* _TASK INSTRUCTIONS_: Would you transcribe the entries below, beginning at the line with "Skeleton key locks, no" and ending after the line with "Tagar 'Pink Tint'", exactly, with no picture and nothing more?

* _INPUT RECORDS_:
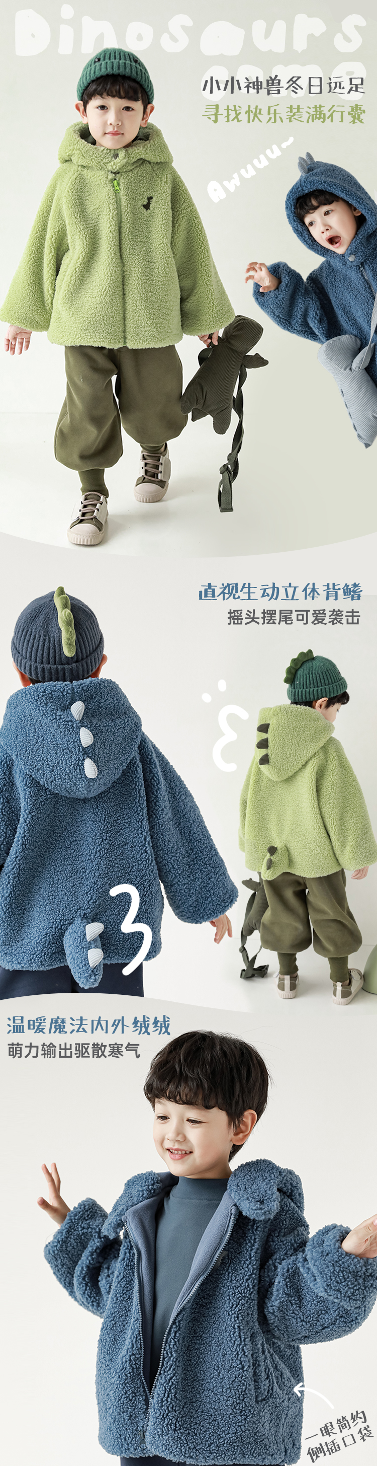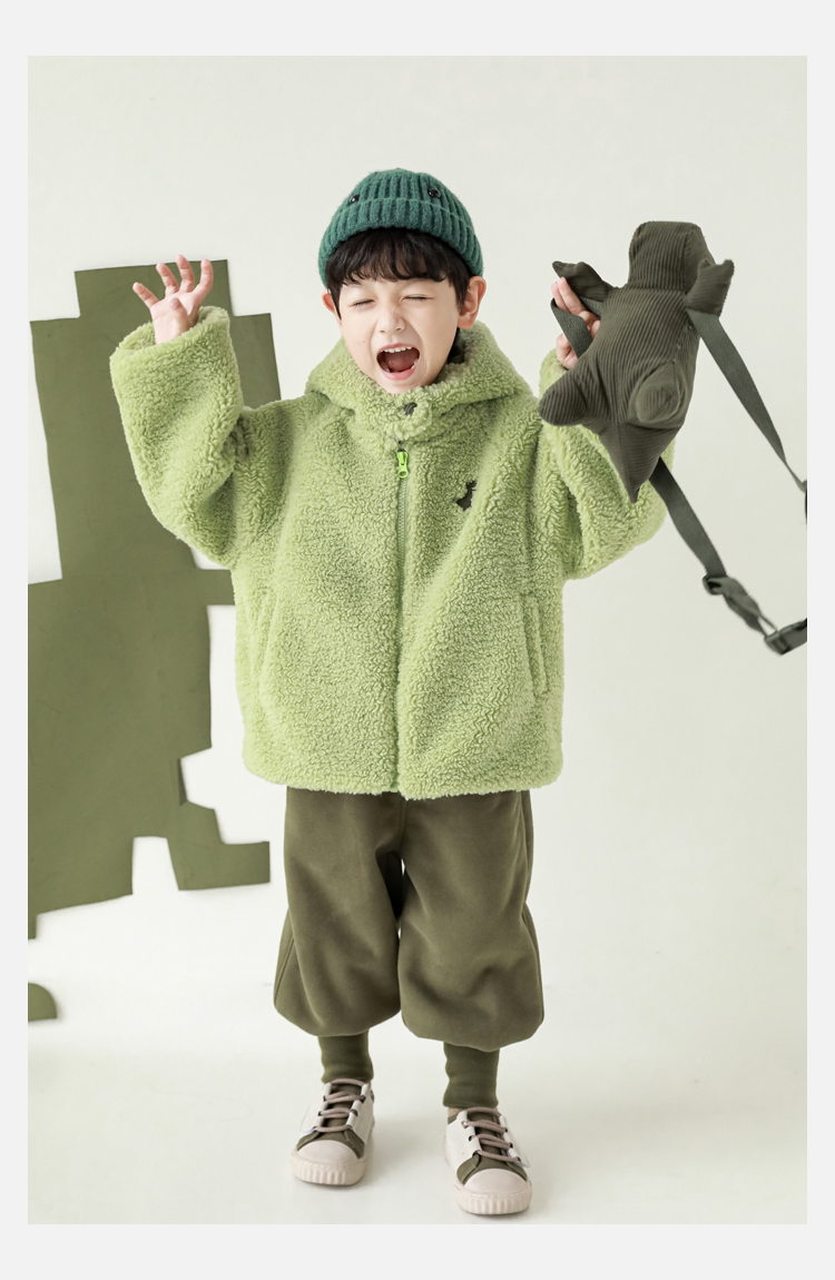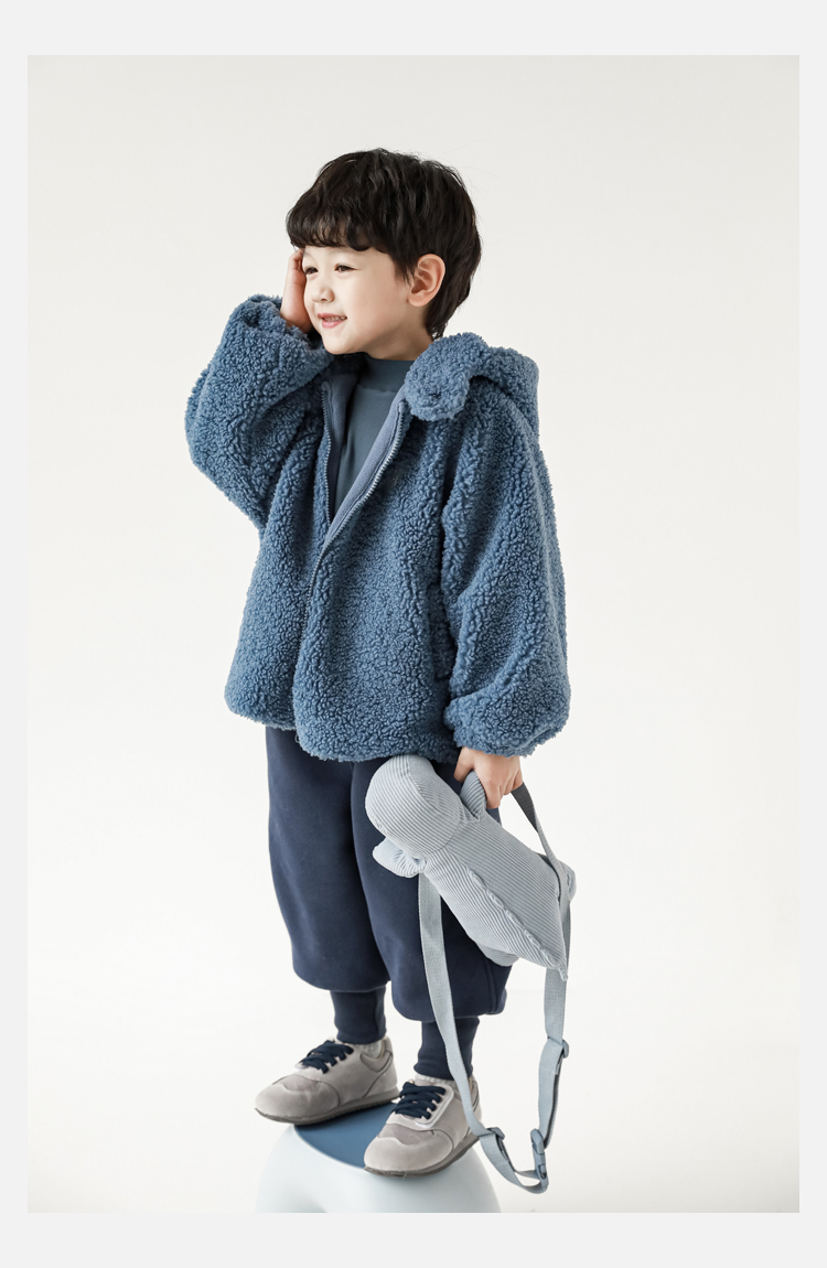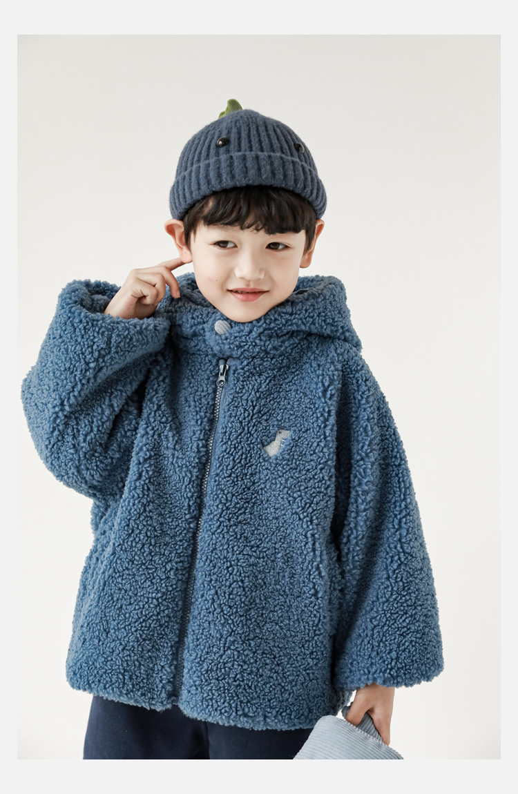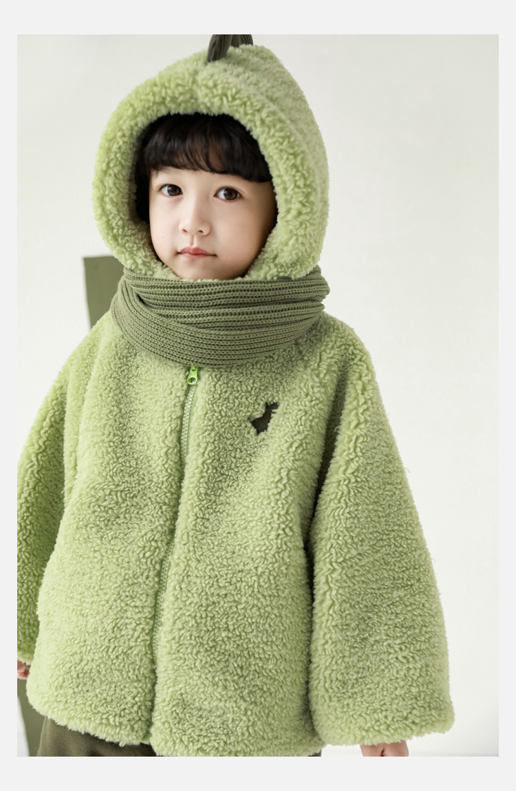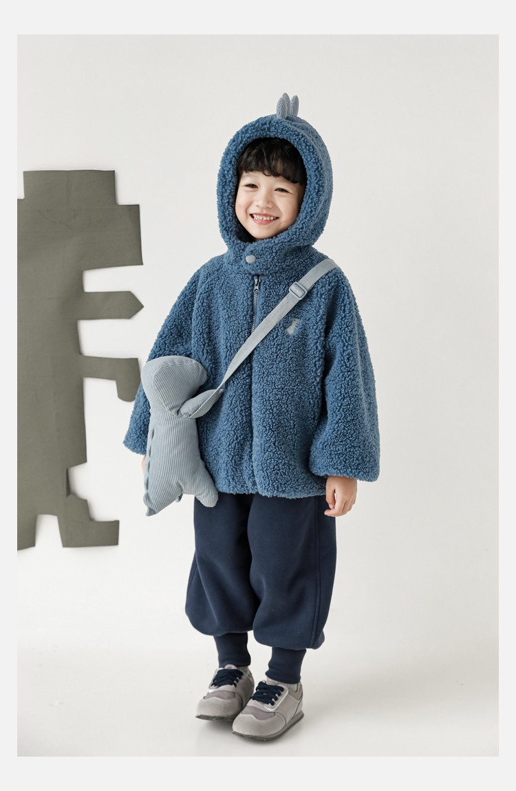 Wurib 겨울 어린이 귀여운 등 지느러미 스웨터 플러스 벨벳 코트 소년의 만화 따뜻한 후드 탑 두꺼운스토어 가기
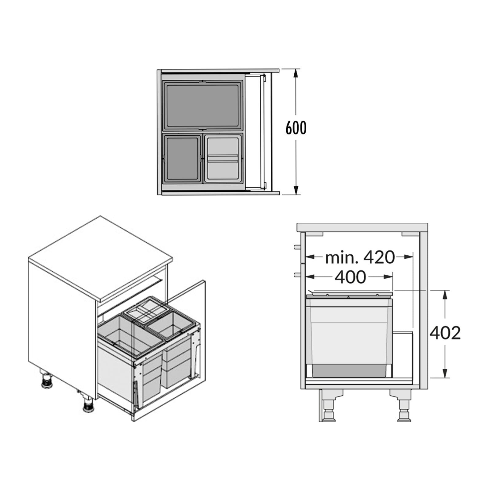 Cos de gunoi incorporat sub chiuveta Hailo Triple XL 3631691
...
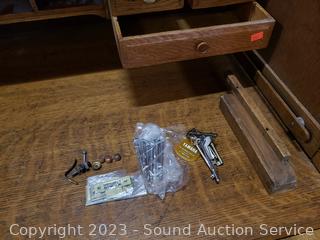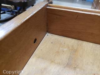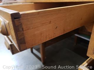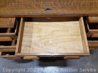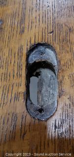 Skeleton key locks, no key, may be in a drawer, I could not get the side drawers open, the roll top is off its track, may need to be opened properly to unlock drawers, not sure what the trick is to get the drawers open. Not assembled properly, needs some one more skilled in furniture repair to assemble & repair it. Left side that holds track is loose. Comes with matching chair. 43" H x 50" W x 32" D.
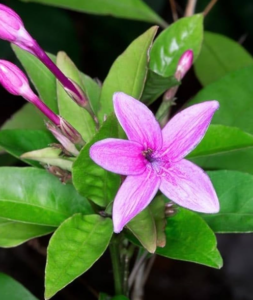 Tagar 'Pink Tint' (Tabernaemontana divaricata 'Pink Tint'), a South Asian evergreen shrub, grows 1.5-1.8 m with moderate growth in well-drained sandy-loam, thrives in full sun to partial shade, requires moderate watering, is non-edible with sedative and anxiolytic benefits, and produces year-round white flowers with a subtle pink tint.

* _EXPECTED ANSWER_:
 Skeleton key locks, no key, may be in a drawer, I could not get the side drawers open, the roll top is off its track, may need to be opened properly to unlock drawers, not sure what the trick is to get the drawers open. Not assembled properly, needs some one more skilled in furniture repair to assemble & repair it. Left side that holds track is loose. Comes with matching chair. 43" H x 50" W x 32" D.
 Tagar 'Pink Tint' (Tabernaemontana divaricata 'Pink Tint'), a South Asian evergreen shrub, grows 1.5-1.8 m with moderate growth in well-drained sandy-loam, thrives in full sun to partial shade, requires moderate watering, is non-edible with sedative and anxiolytic benefits, and produces year-round white flowers with a subtle pink tint.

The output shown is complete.